In our trial, the LDL-C reduction achieved is near to that 40 mg/dL reduction in LDL-C estimated to be associated with a corresponding 22% reduction in cardiovascular mortality and morbidity [29]. These results were partly expected, because the mechanism of action of red yeast rice and phytosterols should be additive or synergistic, [30] representing the natural alternative to the synergistic association of statins with ezetimibe [31].

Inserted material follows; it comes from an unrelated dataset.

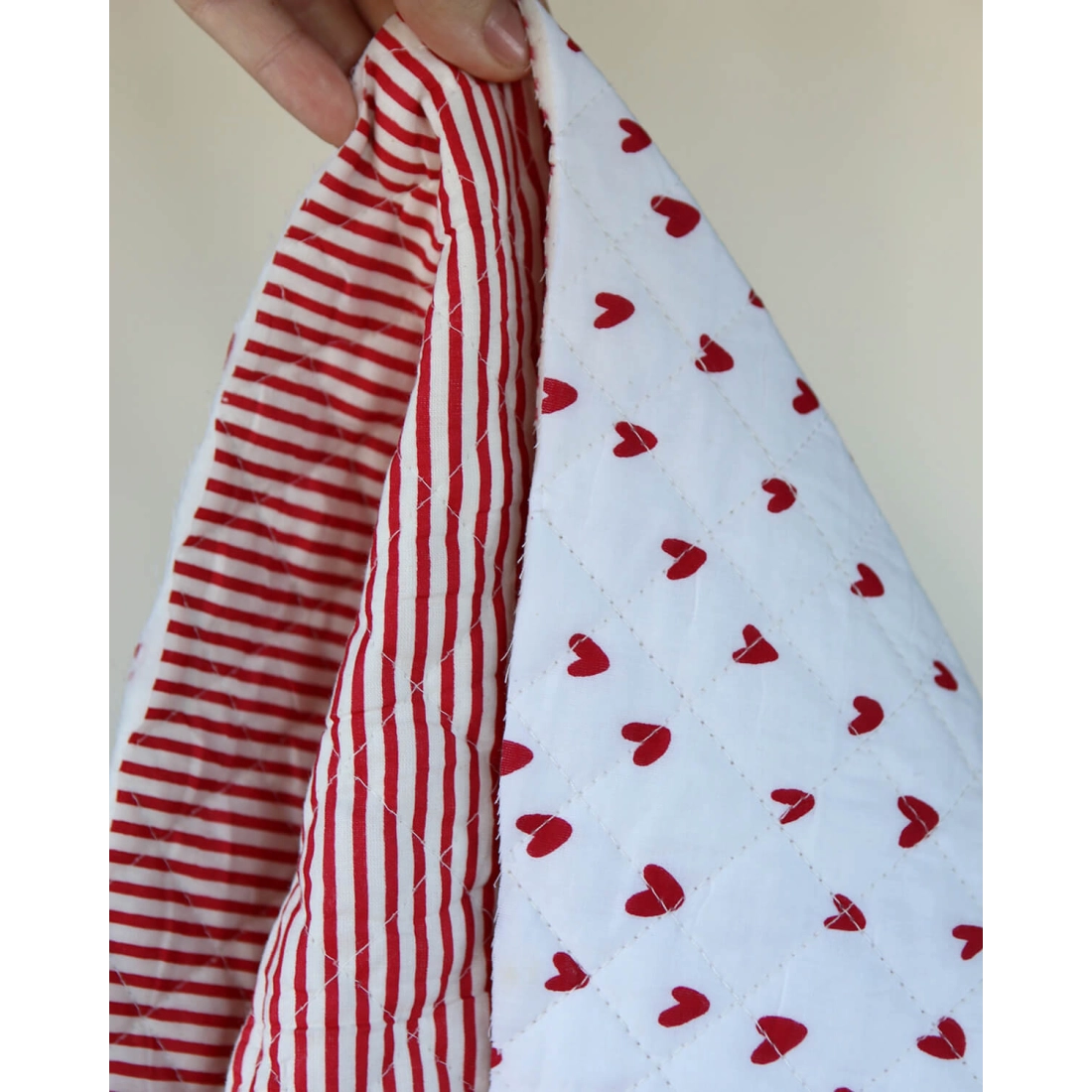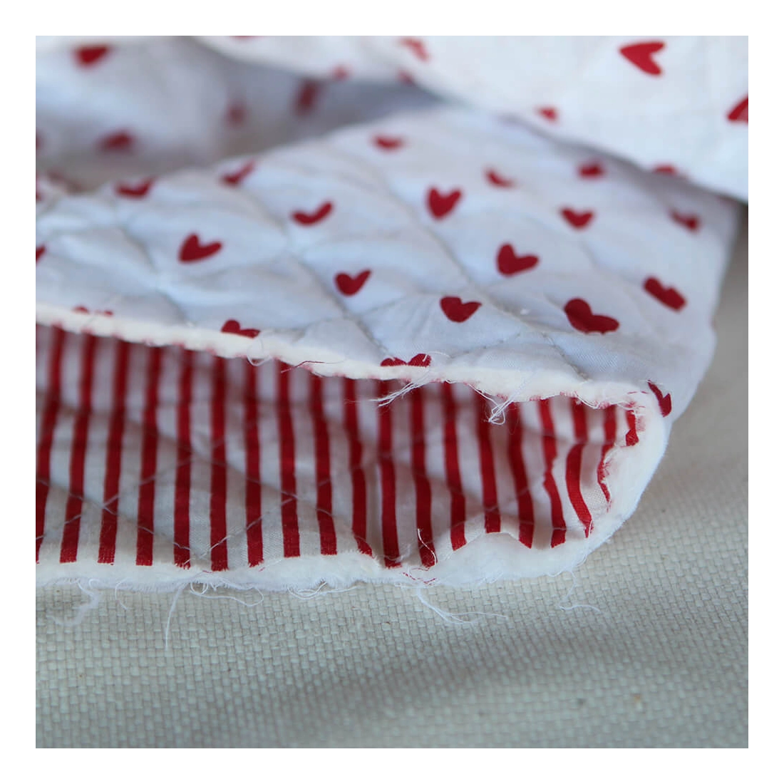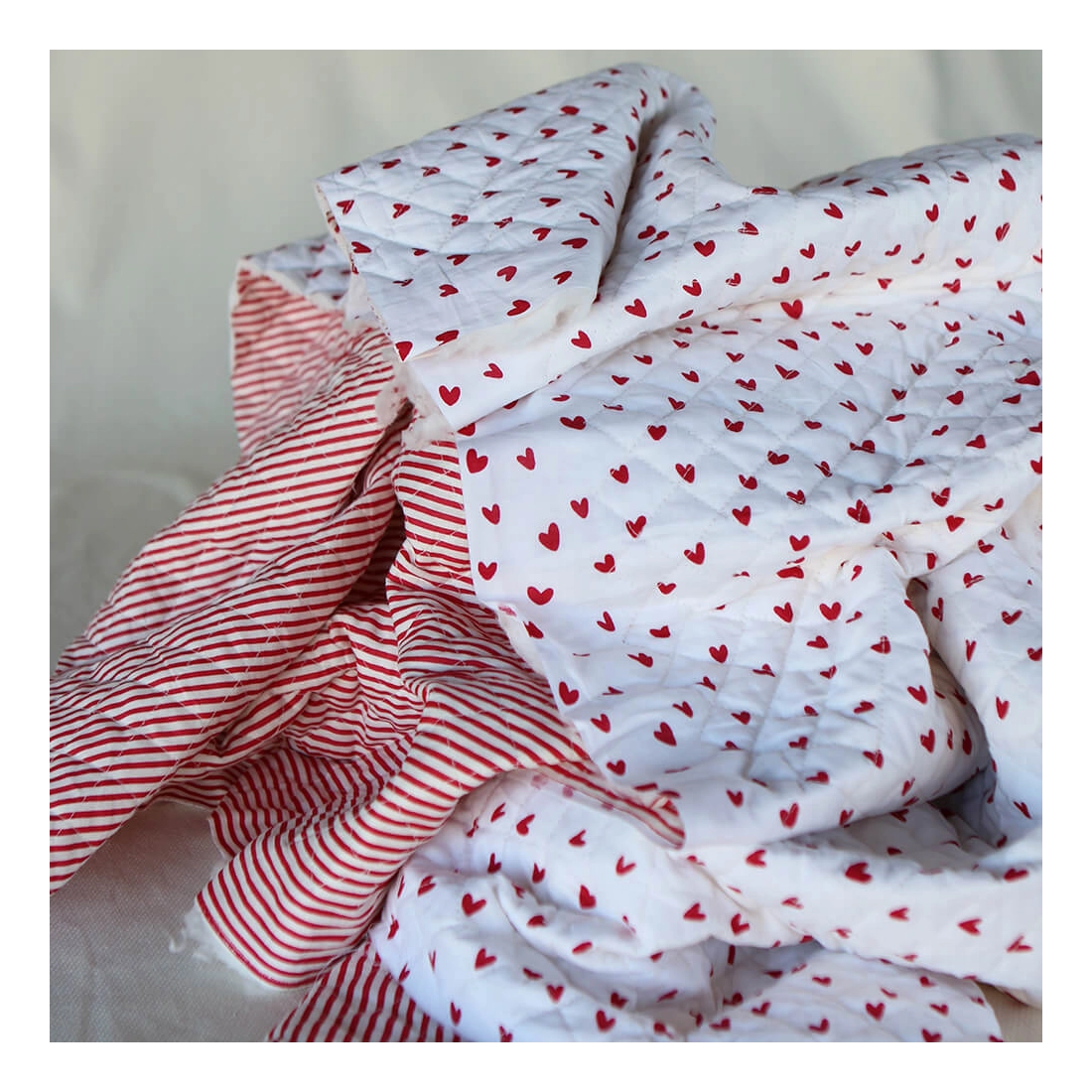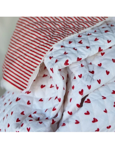Dil / coeurs rouges - Tissu indien matelassé double face coton hand block largeur 100cm

Our study has some relevant limitations. The first one is the relatively low number of subjects investigated per treatment group, related to the exclusion of those with an unexpected low compliance to the treatment. However, the study was sufficiently powered even with the sample including the compliant patients only, and the low compliance was not related to adverse events. The second one is the lack of a pure placebo group: in effect, we compared consolidated treatments and their association, where phytosterols and red yeast rice efficacy had been already largely evaluated in numerous double-blind placebo-controlled randomized clinical trials (EFSA Panel on Dietetic Products, Nutrition and Allergies [15]; EFSA Panel on Dietetic Products, Nutrition and Allergies [10]). Anyway, the absence of a placebo group makes the conclusions of this study preliminary and with the need to be further confirmed before reaching an adequate clinical applicability. The third one is the lack of measurement of markers of cholesterol absorption and synthesis. Finally, the study was relatively short, so that we do not know if the observed effect could be confirmed in the long-term. However, being the mechanism of action of monacolins and phytosterols the ones of drugs already proven to maintain their efficacy over years, we have no reason to doubt that this evidence could be translated to the tested nutraceuticals.

However, the dietary supplementation of red yeast rice and/or phytosterols are suggested by international guidelines and statements of some scientific societies [32, 33] and our data further support these suggestions.

Conclusions

In conclusion, on the basis of our trial it seems that the additive lipid-lowering effect of phytosterols and red yeast rice can improve lipid parameters with a good short-term tolerability, and could represent a therapeutic alternative in patients in primary prevention with moderate hypercholesterolemia.